TASK DESCRIPTION:
Of the records that follow, copy only the lines from the line containing "من كتاب ابن" to the line containing "KÄYTTÖOHJE KETTLE TEFAL", both included, exactly as written.

SUPPLIED MATERIAL:
☆ ☆ ☆ ☆ ☆ ☆ ☆

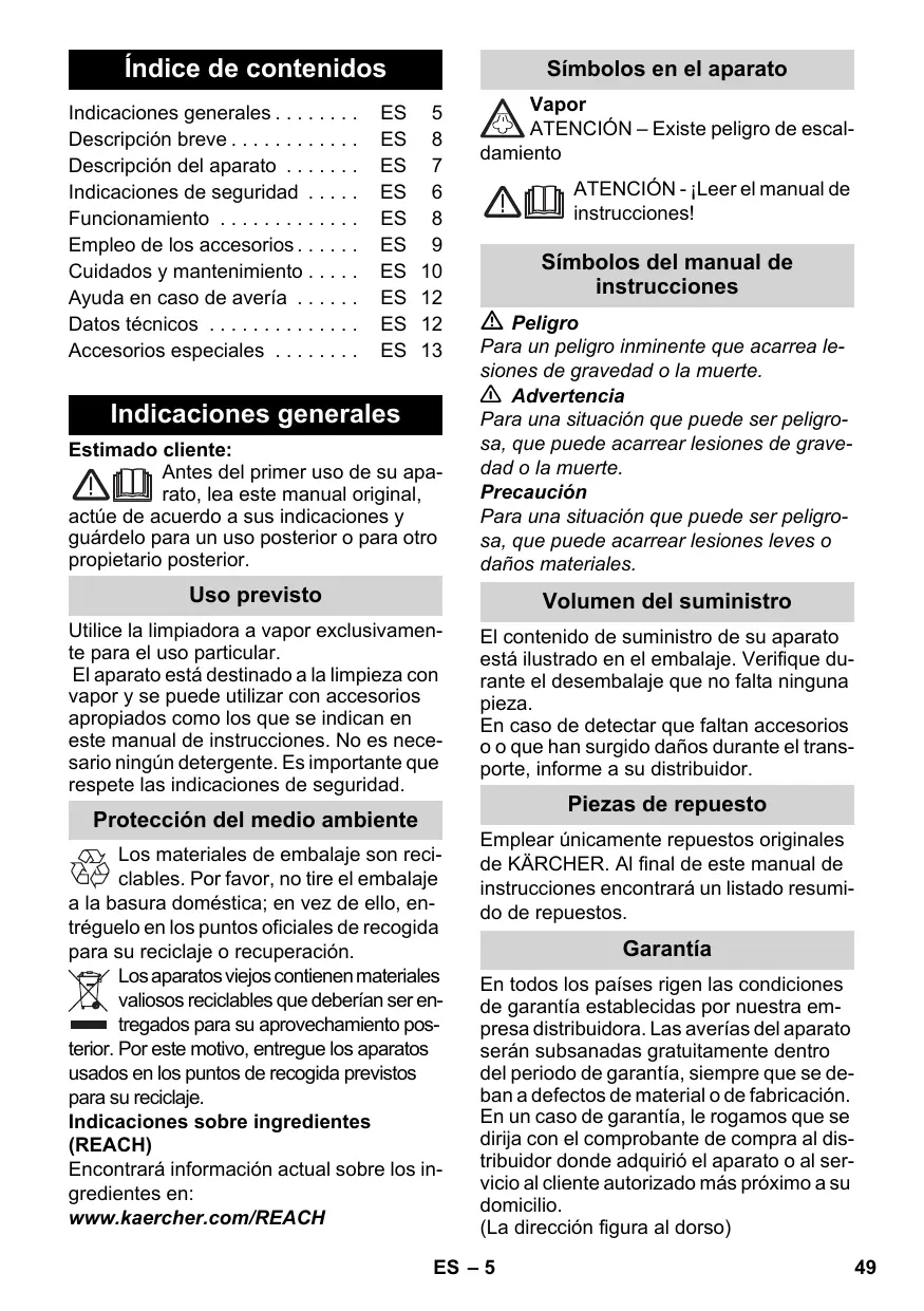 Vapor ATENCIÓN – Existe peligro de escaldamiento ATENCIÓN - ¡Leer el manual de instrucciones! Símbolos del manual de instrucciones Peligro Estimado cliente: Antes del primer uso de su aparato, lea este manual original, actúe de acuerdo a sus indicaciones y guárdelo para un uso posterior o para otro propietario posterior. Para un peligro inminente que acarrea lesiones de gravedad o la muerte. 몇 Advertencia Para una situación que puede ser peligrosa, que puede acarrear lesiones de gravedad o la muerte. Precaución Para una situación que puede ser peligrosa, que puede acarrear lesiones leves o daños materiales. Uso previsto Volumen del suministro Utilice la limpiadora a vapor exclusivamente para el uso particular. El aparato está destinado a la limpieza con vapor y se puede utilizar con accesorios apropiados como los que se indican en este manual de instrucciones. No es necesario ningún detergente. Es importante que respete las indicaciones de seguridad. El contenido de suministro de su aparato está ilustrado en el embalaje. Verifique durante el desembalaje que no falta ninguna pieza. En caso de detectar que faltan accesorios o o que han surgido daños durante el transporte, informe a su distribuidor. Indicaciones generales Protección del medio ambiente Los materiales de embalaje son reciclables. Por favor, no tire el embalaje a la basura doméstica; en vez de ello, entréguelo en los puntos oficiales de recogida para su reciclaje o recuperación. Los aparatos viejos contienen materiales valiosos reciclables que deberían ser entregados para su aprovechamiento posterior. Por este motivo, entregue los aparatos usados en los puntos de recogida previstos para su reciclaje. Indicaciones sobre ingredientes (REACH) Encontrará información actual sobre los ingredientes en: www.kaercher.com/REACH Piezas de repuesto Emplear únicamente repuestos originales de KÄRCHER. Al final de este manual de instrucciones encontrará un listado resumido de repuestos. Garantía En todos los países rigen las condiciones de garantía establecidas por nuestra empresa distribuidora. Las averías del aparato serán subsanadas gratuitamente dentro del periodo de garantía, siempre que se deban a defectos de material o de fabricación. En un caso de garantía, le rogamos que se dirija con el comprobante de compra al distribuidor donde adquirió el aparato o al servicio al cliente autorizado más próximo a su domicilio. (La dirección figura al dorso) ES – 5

☆ ☆ ☆ ☆ ☆ ☆ ☆

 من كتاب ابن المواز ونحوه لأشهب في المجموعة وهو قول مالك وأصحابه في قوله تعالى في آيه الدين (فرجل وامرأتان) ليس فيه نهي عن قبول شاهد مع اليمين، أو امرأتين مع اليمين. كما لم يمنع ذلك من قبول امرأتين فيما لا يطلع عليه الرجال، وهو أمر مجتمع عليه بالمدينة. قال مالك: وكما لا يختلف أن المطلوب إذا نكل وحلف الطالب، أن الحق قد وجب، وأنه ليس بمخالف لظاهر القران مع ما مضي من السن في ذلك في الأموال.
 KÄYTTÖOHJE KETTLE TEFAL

☆ ☆ ☆ ☆ ☆ ☆ ☆

RESULT BELOW:
 من كتاب ابن المواز ونحوه لأشهب في المجموعة وهو قول مالك وأصحابه في قوله تعالى في آيه الدين (فرجل وامرأتان) ليس فيه نهي عن قبول شاهد مع اليمين، أو امرأتين مع اليمين. كما لم يمنع ذلك من قبول امرأتين فيما لا يطلع عليه الرجال، وهو أمر مجتمع عليه بالمدينة. قال مالك: وكما لا يختلف أن المطلوب إذا نكل وحلف الطالب، أن الحق قد وجب، وأنه ليس بمخالف لظاهر القران مع ما مضي من السن في ذلك في الأموال.
 KÄYTTÖOHJE KETTLE TEFAL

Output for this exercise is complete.